*Data extract*:

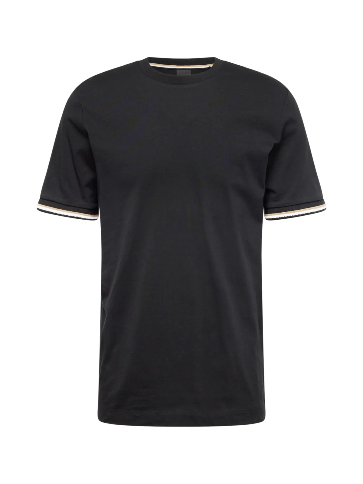 heren T-shirt van BOSS;look: effen;Pasvorm: regular fit;hals: ronde hals;mouwvorm: korte mouw;Details: strepen aan het mouwboordje;Materiaal: puur katoen
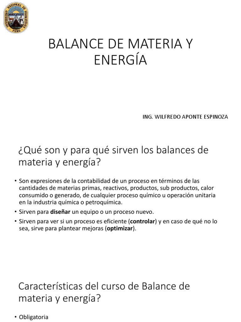 • Plantea y resuelve balances de materia y de energía aplicados a procesos químicos y
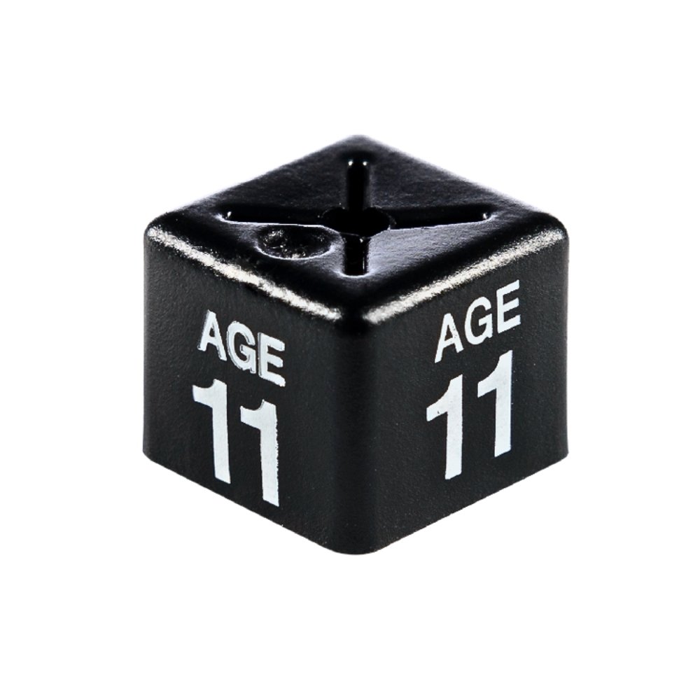 These Age 11 Black Cubes are easy to use. Simply slide them over any type of metal hook hanger to indicate clothing sizes clearly on your hanging display. These Size Cubes are made with thicker plastic for rugged durability, making these Cubes a cost-effective purchase for your business as they will last long-term and can be reused over and over again.
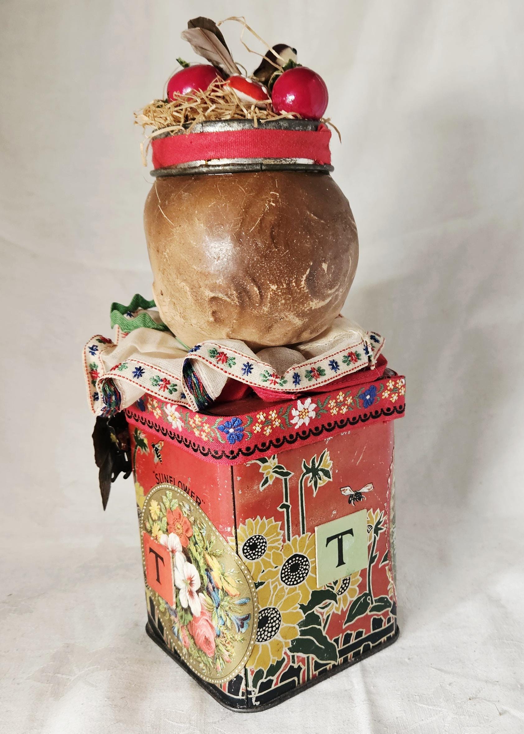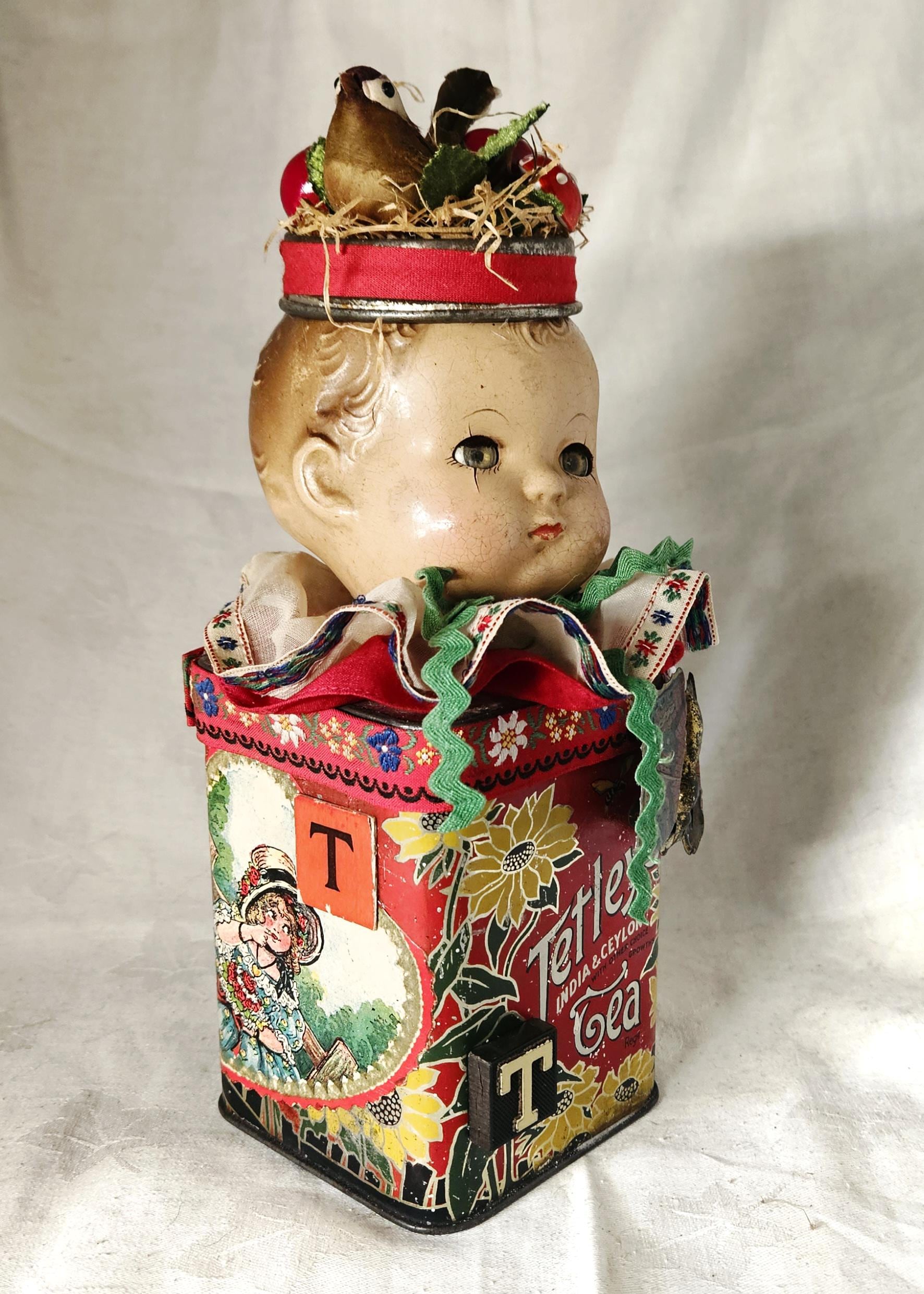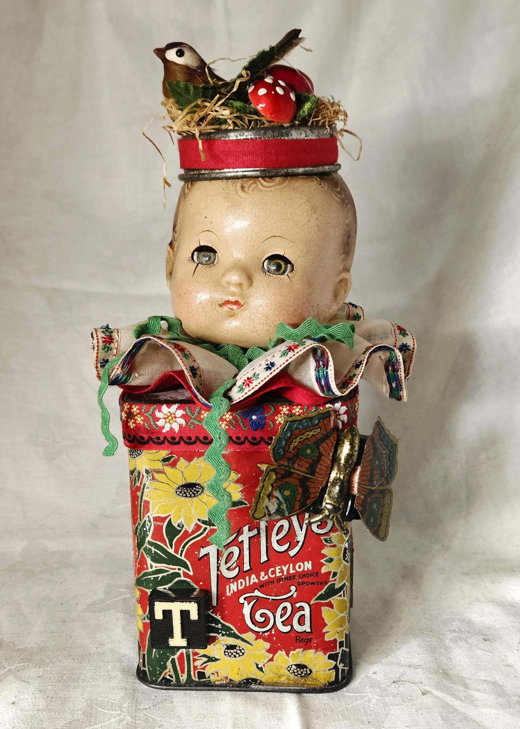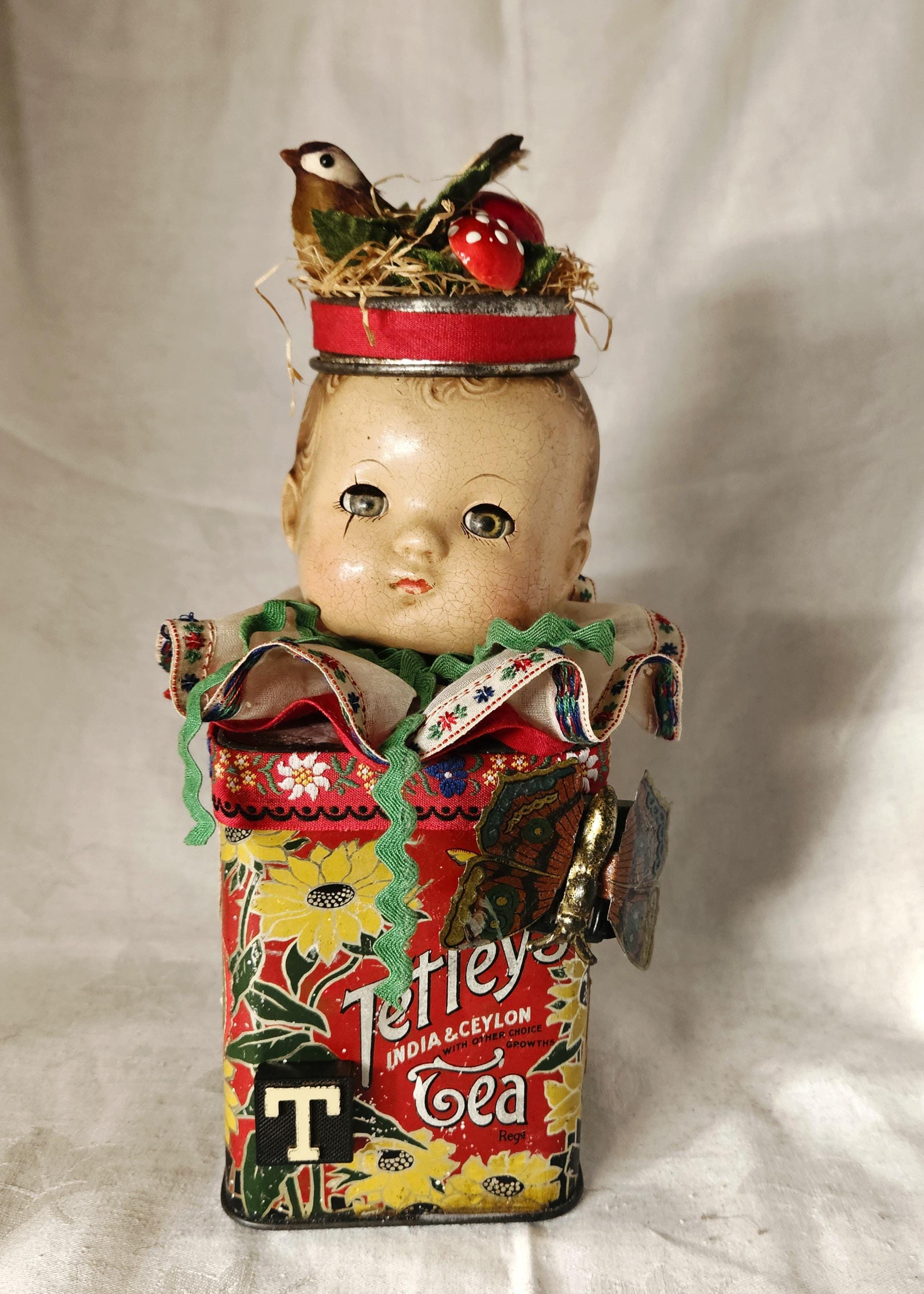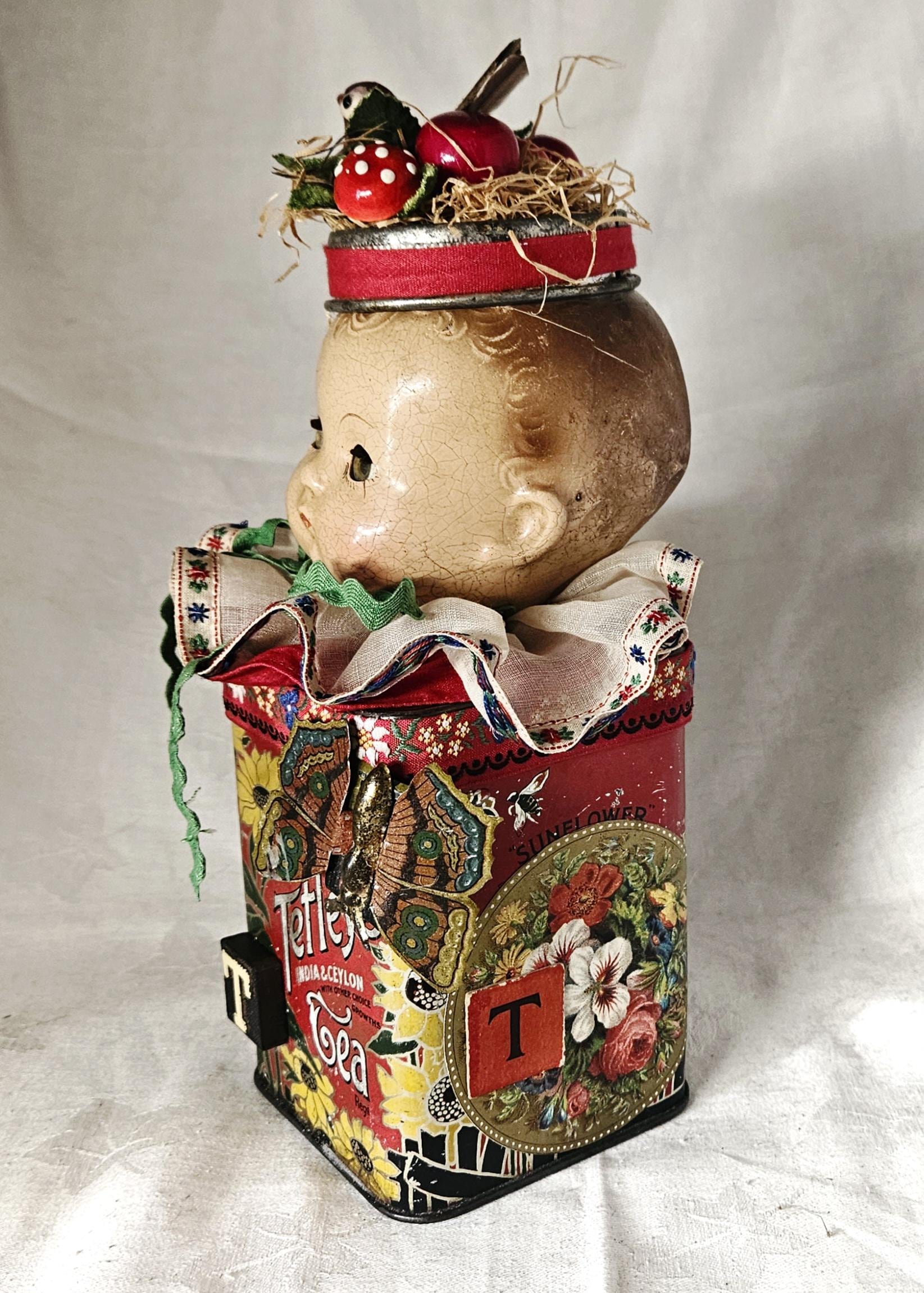 Isn't she sweet ? I love the colors of the vintage Tetley tea tin and I coordinated Victorian scrap and fabrics to accent .The doll head was a flea market find of course. A tin butterfly from an antique friction toy adorns the corner .12" tall

*Aim of the task*:
Nothing but the lines from the first line of the data through the line with "procesos químicos y" belongs in the answer, copied exactly and without pictures.

*Problem solution*:
 heren T-shirt van BOSS;look: effen;Pasvorm: regular fit;hals: ronde hals;mouwvorm: korte mouw;Details: strepen aan het mouwboordje;Materiaal: puur katoen
 • Plantea y resuelve balances de materia y de energía aplicados a procesos químicos y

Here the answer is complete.